Early : ”Iya nih. Masa bunga yang dikangenin, bukannya kita.”
Edel : ”Gak kok...Aku juga kangen sama kalian..hehe.”
Mona : ”Udah deh jangan banyak kegiatan dulu. Istirahat aja....”

Edel mulai melakukan kegiatan harian seperti biasanya. Sering kali Edel merasa ingin jatuh pingsan, tapi ia selalu berusaha untuk tidak terlihat sakit. Namun suatu hari....
Olive : ”Edel kan?”
Edel : ”Hai ka. .Udah lama gak ketemu.”
Olive : ”Haha, iya. Ngapain kamu disini? Kaya orang susah aja di jalanan begini. Kak Ben mana?”
Edel : ”Emang jalanan ini punya orang susah? haha. Ah kakak kan pacarnya masa nanya aku?”
Olive : ”Hahaha....Iya yah. Ayo kakak antar kamu pulang.”

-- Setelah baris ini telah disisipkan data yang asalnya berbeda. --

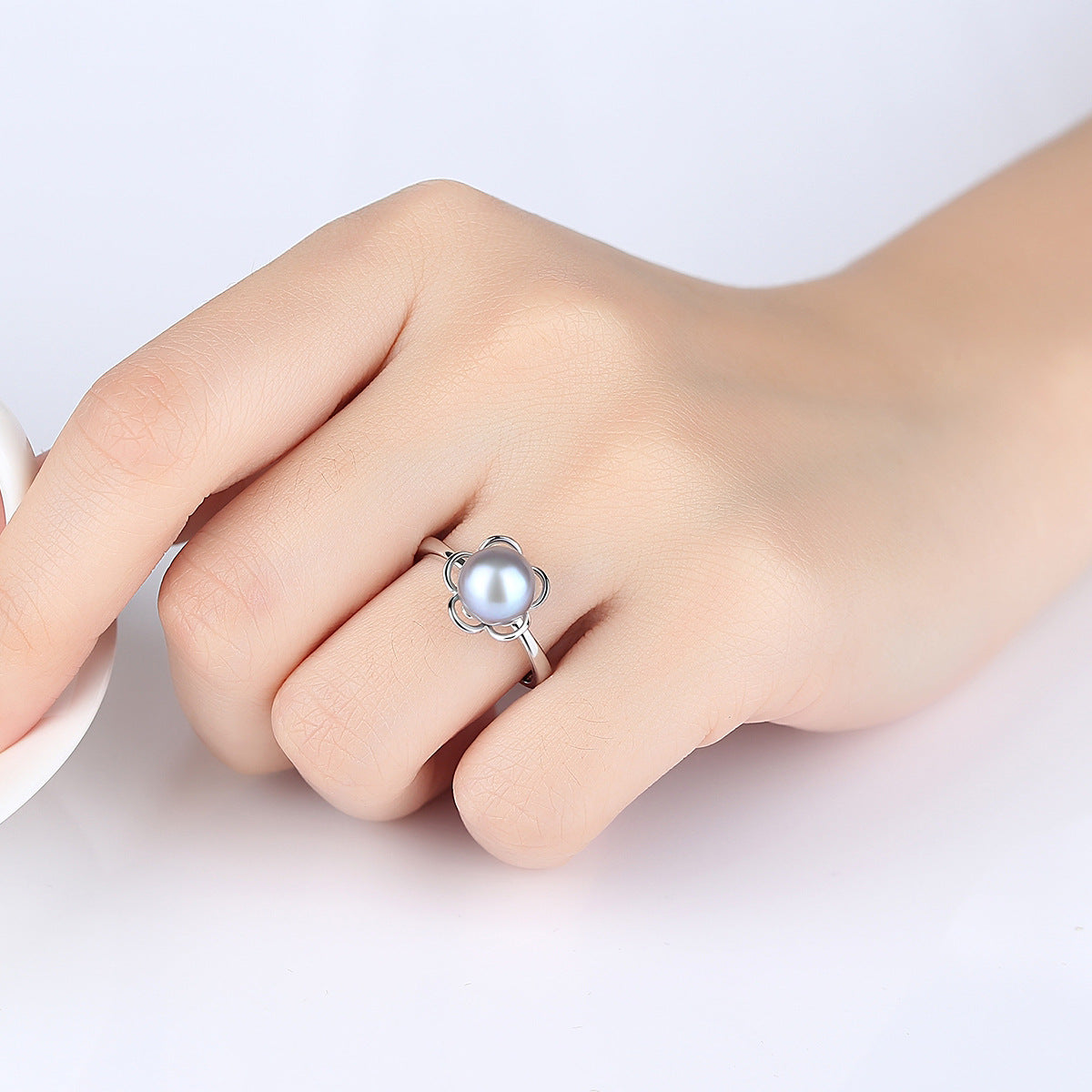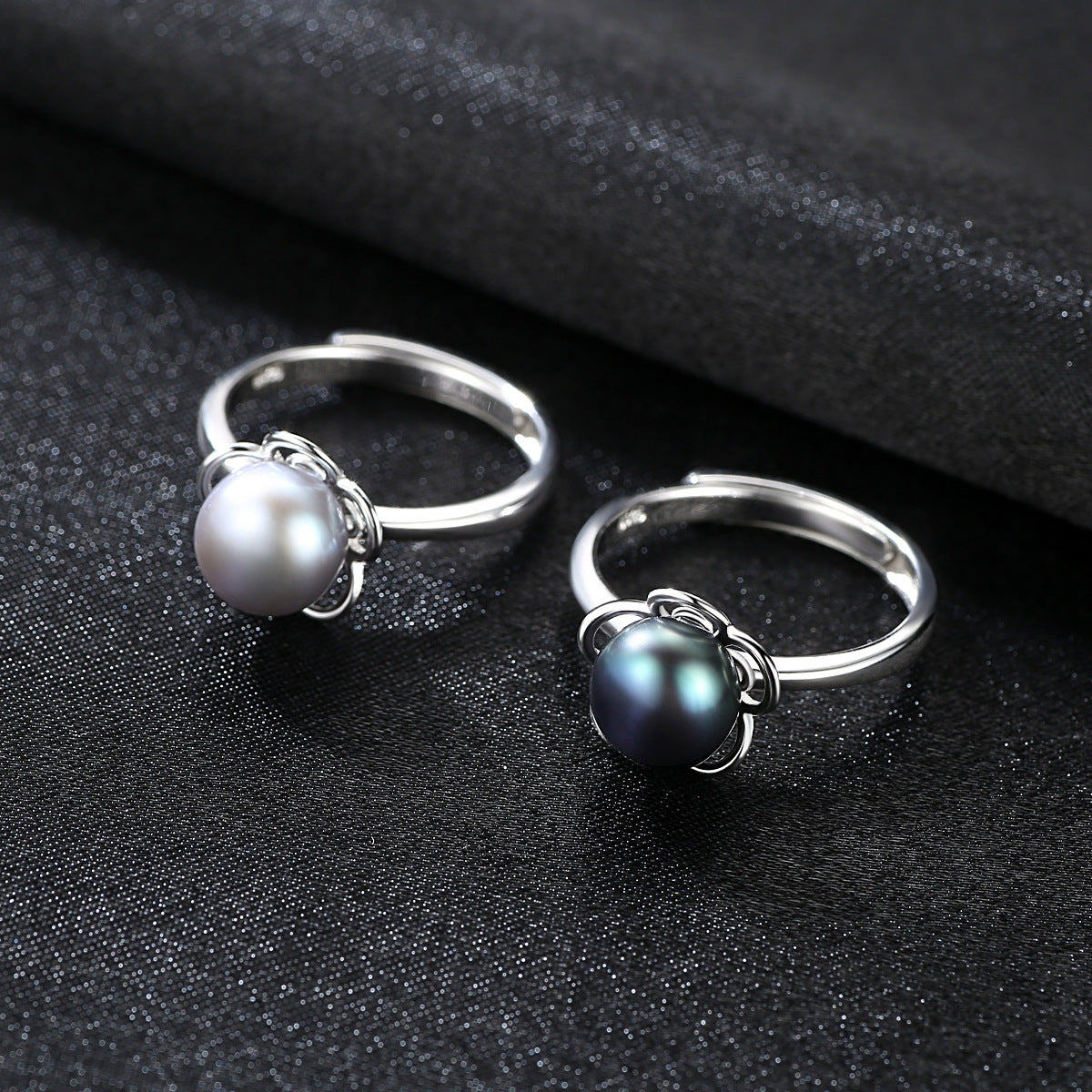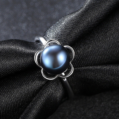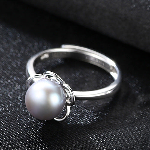 Aetolia 925 Sterling Silver Natural Freshwater Pearl Rings Hollow Out Flower Adjustable Open Ring FR0007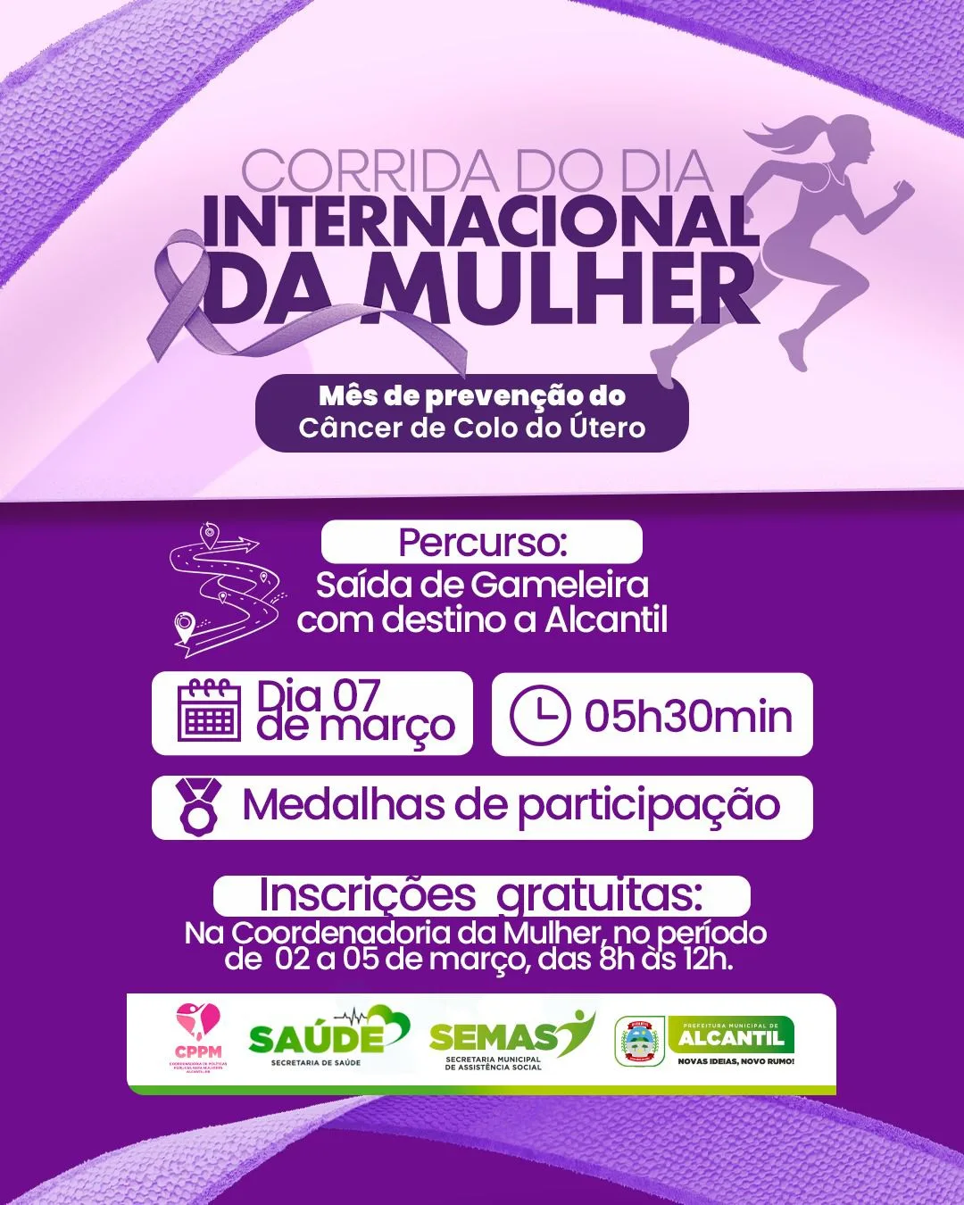 A abertura do Março Lilás em Alcantil começa às 5h30 com a Corrida do Dia Internacional da Mulher, saindo da comunidade de Gameleira com destino ao município.

Ketika beranjak bangun dari duduk, Edel merasa goyang dan seakan ingin pingsan.
Olive : ”Edel, Edel kamu gak apa-apa? Mulut kamu..” (Mengelap darah yang keluar dari mulut Edel)
Edel : “Please ka. Jangan bilang kak Ben atau yang lain.“
Olive : ”Iya...Tapi jangan kayak gini dong. Ayo masuk ke mobil.”
Olive membawa Edel ke dalam mobil dan membawanya pulang. Seharian Edel tak keluar kamar. Tidak sedikitpun makan ataupun minum. Saat ditanya ia hanya ingin sendiri. Melihat kondisi Edel yang memburuk, Ayah dan Ibu berusaha menuruti apa yang Edel inginkan. Tepat pada tanggal 24 November 2004
Olive : ”Edel sayang, bangun dong! Sarapan bareng yuk. Kak Ben kan ulang tahun hari ini. Edel, ayo dong bangun. Aduuh...”

Karena tak ada jawaban, Olive membantu Ibu menyiapkan makanan untuk pesta ulang tahun Ben, kekasihnya.
(Di ruang makan)
Ibu : ”Happy birthday, Ben.”
Ben : “Thanks Mom. Love you..”
Ibu : “Love you too honey.”
Olive : “Ehm, Happy birthday beib. Wish you all the best.”
Ben : “Makasih ya sayang. Loh Ayah sama Edel kemana?”
Ibu : ”Coba lihat Ayah di luar.’

(Ben menoleh ke arah luar rumah)
Ayah : ”Selamat ulang tahun ya nak. Semoga kamu makin dewasa dan bijaksana.”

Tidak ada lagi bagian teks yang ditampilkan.